Wie funktioniert die EU?

Die Regeln für das Funktionieren der EU, ihre Zuständigkeiten und Arbeitsweise sind in 2 Grundverträgen festgelegt: dem Vertrag über die Europäische Union (EUV) und dem Vertrag über die Arbeitsweise der Europäischen Union (AEUV).

Die letzte große Änderung dieser Verträge erfolgte durch den 2007 von den Staats- und Regierungschefinnen und -chefs der EU-Mitgliedstaaten unterzeichneten Vertrag von Lissabon. Dieser trat am 1. Dezember 2009 in Kraft.

Die in diesen Verträgen festgelegten Institutionen (Organe) der EU und ihre Aufgaben geben der EU ihre weltweit einzigartige Struktur:

  • Die allgemeinen politischen Prioritäten werden vom Europäischen Rat vorgegeben, in dem die 27 Staats- und Regierungschefinnen und -chefs der EU-Mitgliedstaaten vertreten sind.
  • Die Europäische Kommission vertritt die Gesamtinteressen der EU. Sie verfügt auch über das Initiativrecht. Das heißt, sie erarbeitet Vorschläge für Gesetzgebungsakte auf europäischer Ebene.
  • Beschlossen werden diese Gesetzgebungsakte in der Regel gemeinsam vom Rat der EU und vom Europäischen Parlament. Im Rat der EU sind die Regierungen der EU-Mitgliedstaaten vertreten. Das Europäische Parlament wird von den Bürgerinnen und Bürgern der EU-Mitgliedstaaten alle 5 Jahre in allgemeiner, geheimer, gleicher, freier und direkter Wahl gewählt. Dadurch besitzt das Europäische Parlament eine direktdemokratische Legitimation.
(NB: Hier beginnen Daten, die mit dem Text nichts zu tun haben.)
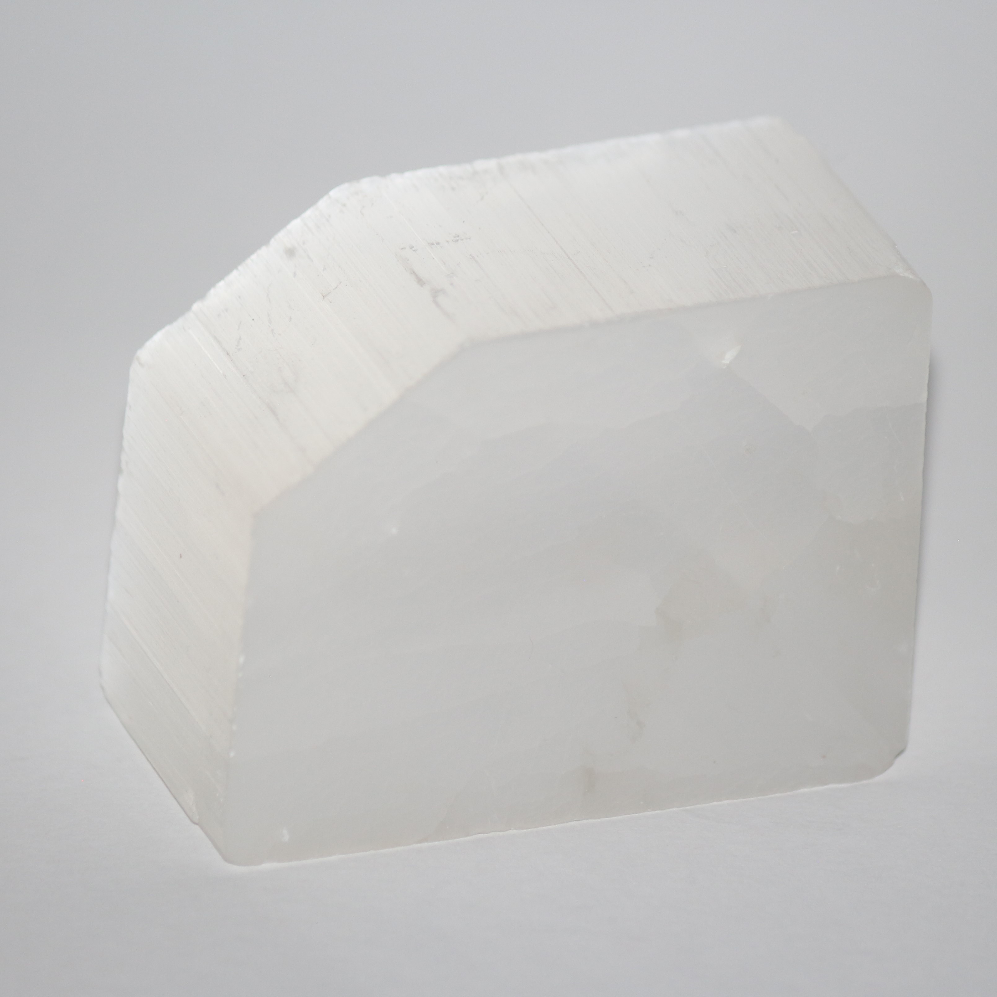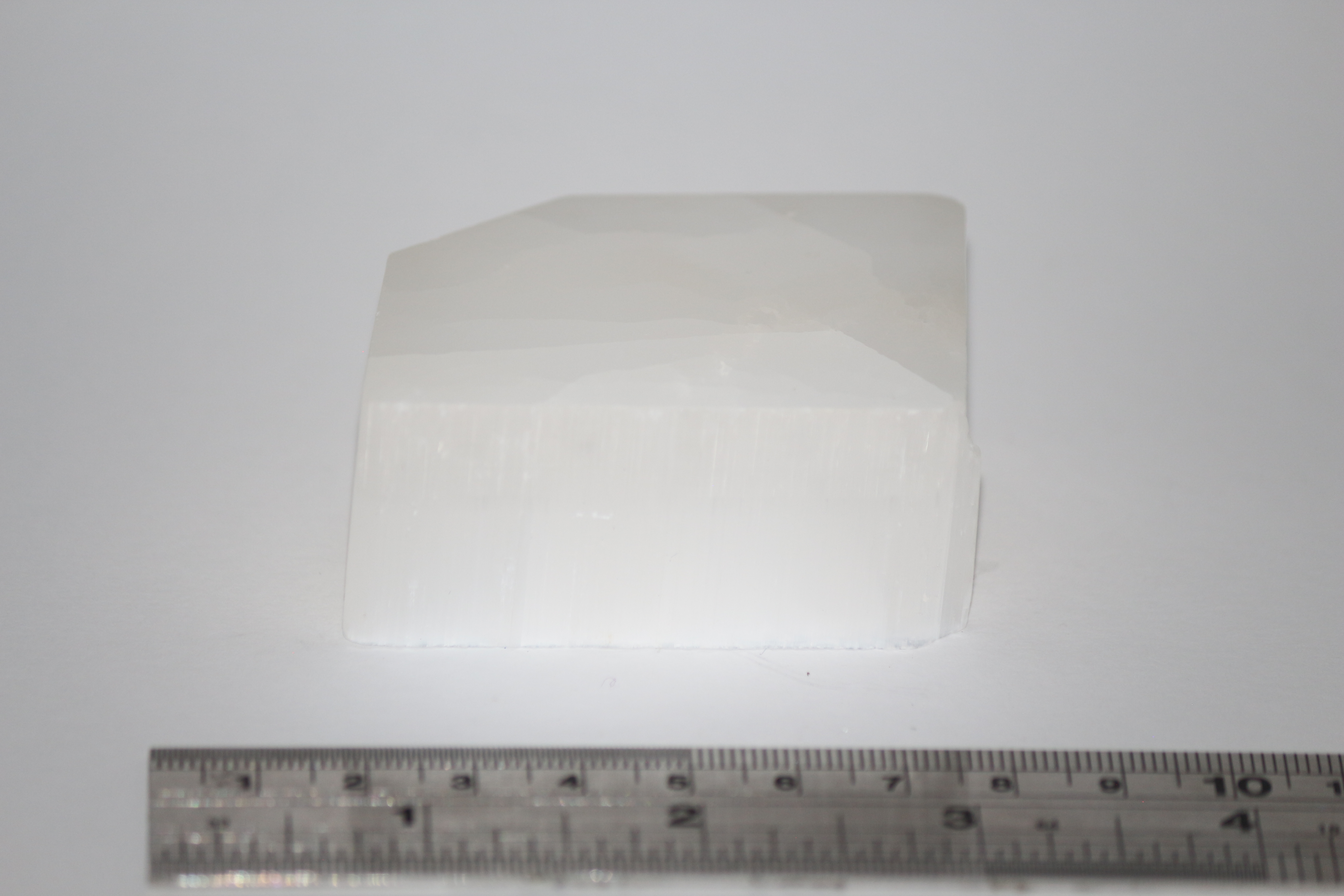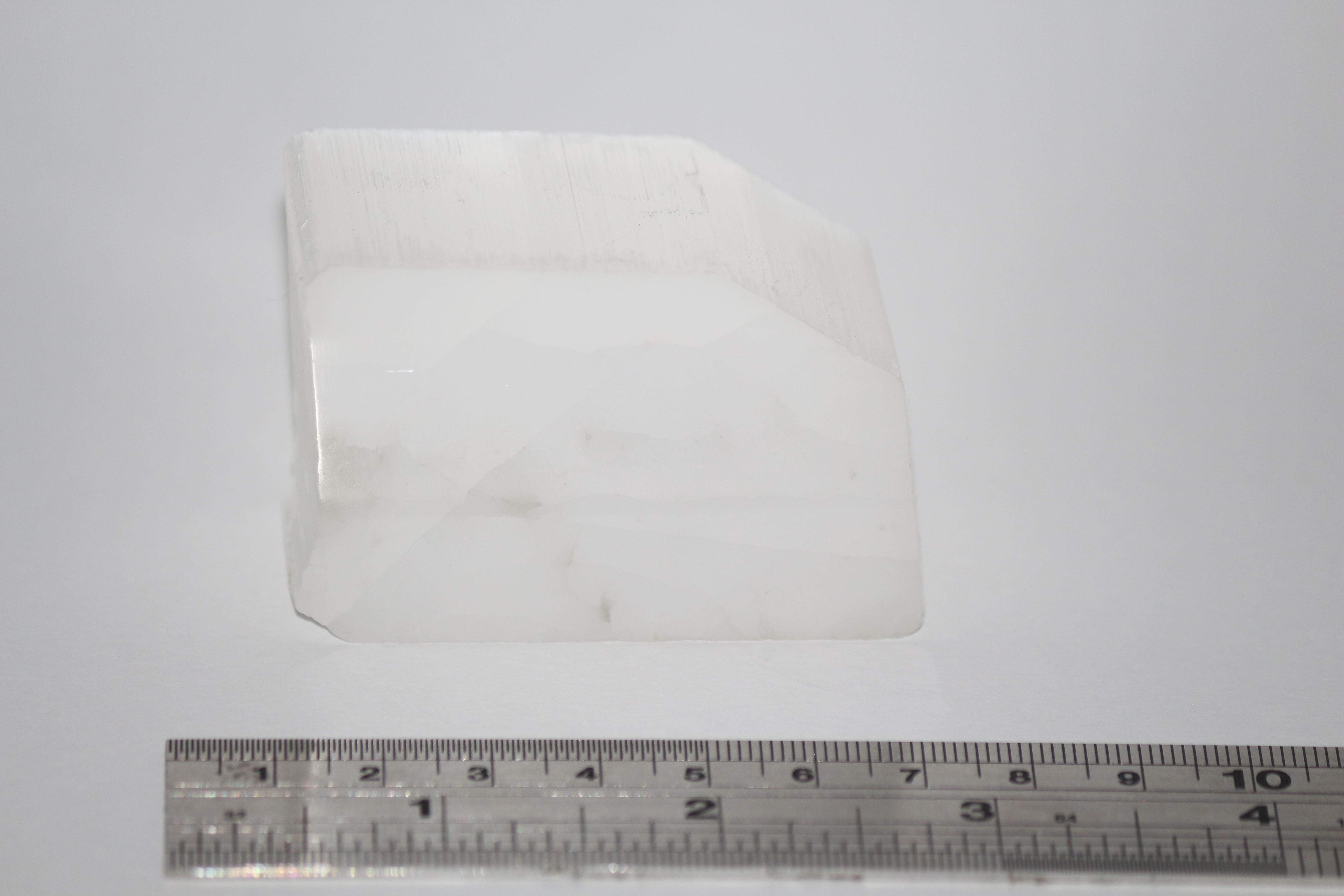 Description : Large specimen of Ulexite, 8x6x2cm. Has some internal fractures but good quality projection as “TV stone”. White/colourless in colour, fibrous on unpolished surfaces. Bought at Kempton Park in 2021
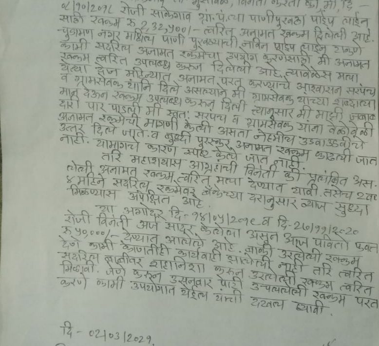 तालुक्यातील साकेगाव येथील ग्रामस्थांना कुपनलिकेतील क्षारयुक्त पाण्याचा पुरवठा केला जात होता . यामुळे नागरीकांना जलजन्य आजाराचा सामना करावा लागत असल्याने गावाला महाराष्ट्र औद्योगिक विकास महामंडळाच्या लगतच्या तापी नदी पात्रातुन जल वाहीनीद्वारे पाणी पुरवठा करण्याचा ग्रामपंचायतीमध्ये ठराव करण्यात आला . मात्र, यासाठी ग्रामपंचायतीकडे निधी उपलब्ध नसल्याने आर्थिक अडचण निर्माण झाली होती . यामुळे गावातीलच रहीवासी निवृत्ती रामा पवार यांनी पुढाकार घेऊन गावातील पाण्याची समस्या तातडीने मार्गी लावण्यासाठी ग्रामपंचायतीकडे ८ ऑक्टोंबर २०१८ रोजी २ लाख ३२ हजार ५०० रुपये अनामत रक्कम उधार म्हणून जमा केल्याने गावात तापी नदी पात्रातील पाण्याचा पुरवठा सुरु झाला आहे. याबाबत त्यांना ग्रामपंचायतीने अनामत रक्कमेची रितसर पावतीही दिली असून यानंतर त्यांनी ग्रामपंचायतीकडे आपल्या उधार दिलेल्या अनामत रक्कमेची वारंवार मागणी केली . मात्र, ग्रामपंचायती कडुन त्यांच्या या मागणीकडे चार वर्षापासुन दुर्लक्ष होत असल्याने त्यांनी भुसावळ पंचायत समितीचे गटविकास अधिकारी यांचेकडे अनामत रक्कम परत मिळावी यासाठी निवेदन दिले आहे . मात्र, पंचायत समिती विभागातुनही त्यांच्या निवेदनाची दखल घेतली जात नसल्याने ते आर्थिक अडचणीमुळे चांगलेच हतबल झाले आहेत . तर ग्रामपंचायतकडे सद्यस्थितीत निधी उपलब्ध नसल्याचे सरपंच यांनी सांगितले .
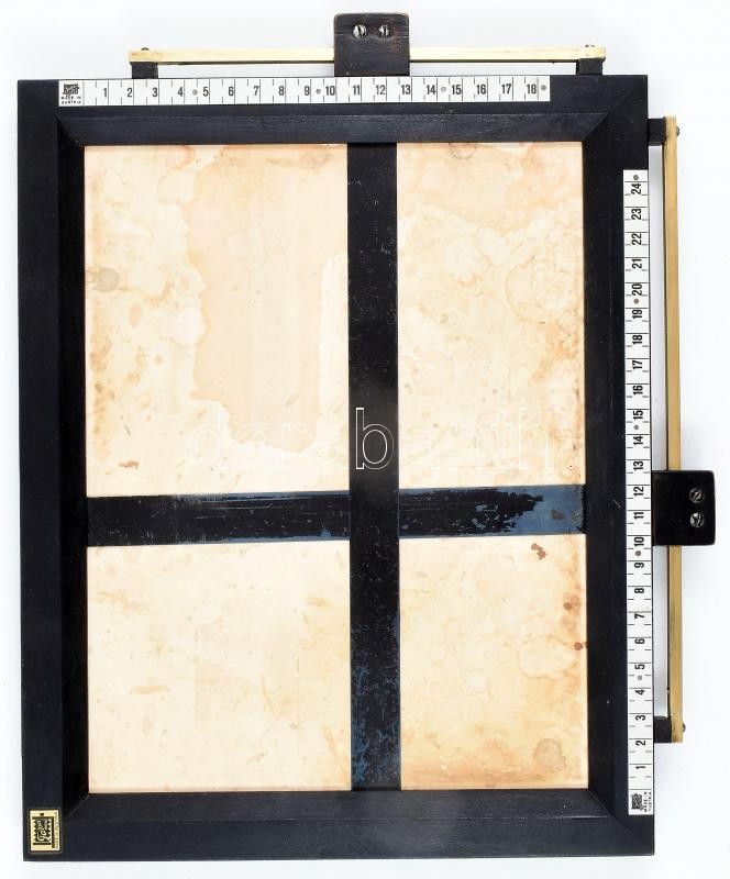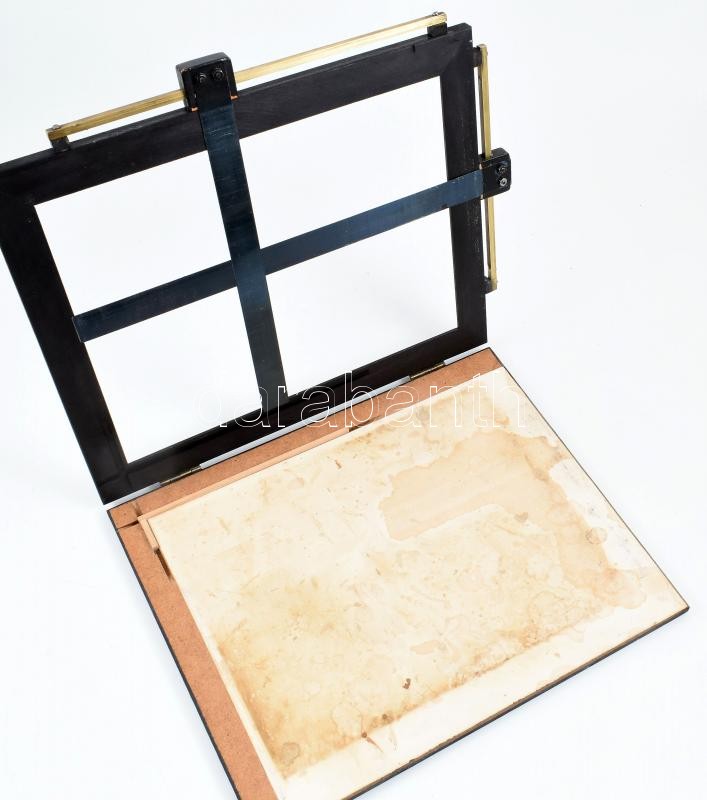 Leírás: Faltus osztrák gyártmányú vonalzós rajztábla, fa és fém, felnyitható, kopásnyomokkal, foltokkal, 33,5x27,5 cm
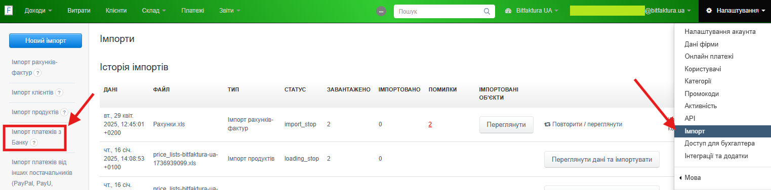 Щоб скористатися імпортом платежів, перейдіть у своєму акаунті до закладки Налаштування > Імпорт > Імпорт платежів з банку.
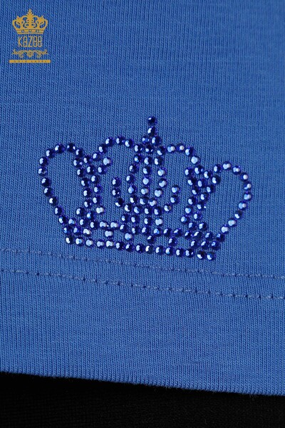 Großhandel für Damenblusen mit kurzen Ärmeln und Steinstickerei und V-Ausschnitt - 79561 | KAZEE
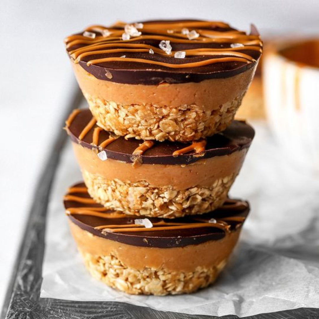 - In the meantime mix the peanut butter and maple syrup in a small bowl to create the middle layer, then spread over the oat bases and top with the melted chocolate.
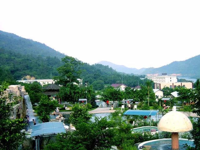 阳春春都温泉度假村座落在高山盆地之中,占地面积近万亩,其中水面积近二千亩。

In den Grundverträgen der EU ist auch festgelegt, welche Bereiche auf europäischer Ebene geregelt werden beziehungsweise für welche Bereiche die EU gemeinsam mit den Mitgliedstaaten zuständig ist. Durch das Subsidiaritätsprinzip wird außerdem sichergestellt, dass innerhalb der EU Entscheidungen so bürgerinnen- und bürgernah wie möglich getroffen werden: Ein Tätigwerden der Union ist nur zulässig, wenn eine Angelegenheit auf nationaler, regionaler oder lokaler Ebene durch die Mitgliedstaaten nicht ausreichend und auf EU-Ebene besser verwirklicht werden kann.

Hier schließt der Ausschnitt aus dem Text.